Westminster is the UK's Sovereign Parliament

February 26, 2019


In the UK the people (IE the electorate) are sovereign. They authorise their representatives (MP’s) to carry out a programme of policies that they approve of (laid out in the MP’s manifesto) by voting for them in an election. Under constitutional law, the Commons holds ultimate sovereignty (on behalf of and authorised by the electorate) and in a unitary state like the UK therefore, the HoC, and not the devolved legislatures, is the supreme sovereign body in the UK. Holyrood, the Welsh Assembly and Stormont (or the London Assembly for that matter) are NOT sovereign parliaments and the UK is a single (or unitary) country, not a ‘union of (sovereign) nations’. It is also important to note that, in a unitary state, as sovereignty ultimately lies with the central political power, such a state is a single country with constituent parts that pool their resources for  the common good and not a ‘union of sovereign nations’, because, as previously stated, sovereignty lies solely with the central political authority (the Commons in our case) and remains there, even after powers have been devolved to parts of that country.
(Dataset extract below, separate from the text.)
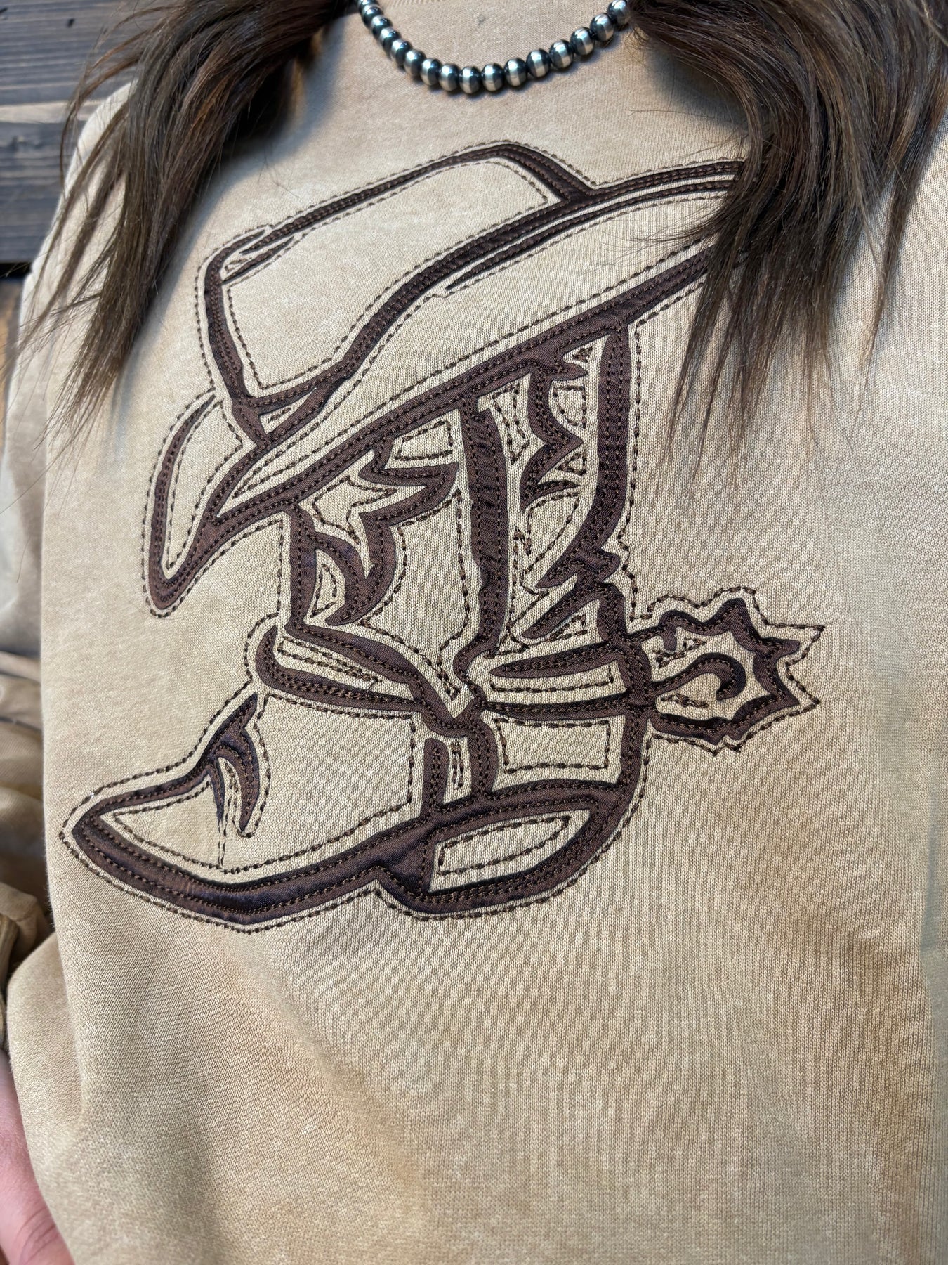 Saddle up in style with this delightful camel sweatshirt that celebrates all things Western. Hand-crafted brown embroidery depicts a charming cowboy hat and spurred boot, bringing vintage flair to your everyday look. Constructed from 100% cotton with long sleeves, it's soft enough for all-day wear and fun enough to make a statement. Whether you're channeling ranch vibes or just love a good nostalgic touch, this piece delivers personality with every wear.

In a unitary state, like the UK (IE a country in which there is a single political authority) ultimate sovereignty lies with the central power, in our case the House of Commons. That central authority can devolve any amount of power it chooses to any number of regions of itself, but ultimate sovereignty remains entirely with the central power, which can revoke, in part or full, those powers simply by repealing the Acts of Parliament that set up the devolved powers in the first place. There is absolutely no need under the UK Constitution for the House of Commons to seek or secure any kind of confirmatory vote from the electorate of the devolved region or from the devolved legislature before doing this (though in practice, this would be seen as undemocratic and heavy handed and a confirmatory vote would be sought by the HoC before doing such a thing.) The act of devolving powers to a region of itself in no way confers or transfers sovereignty to that devolved region (as is the case under federalism.)


The principle of the ultimate sovereignty of the House of Commons is confirmed even by the website of the Scottish Parliament, which states:


‘Under this system of devolution Scotland is still part of the United Kingdom and the UK Parliament in Westminster is sovereign (has ultimate power).’




We all live in a country called the United Kingdom of Great Britain and Northern Ireland.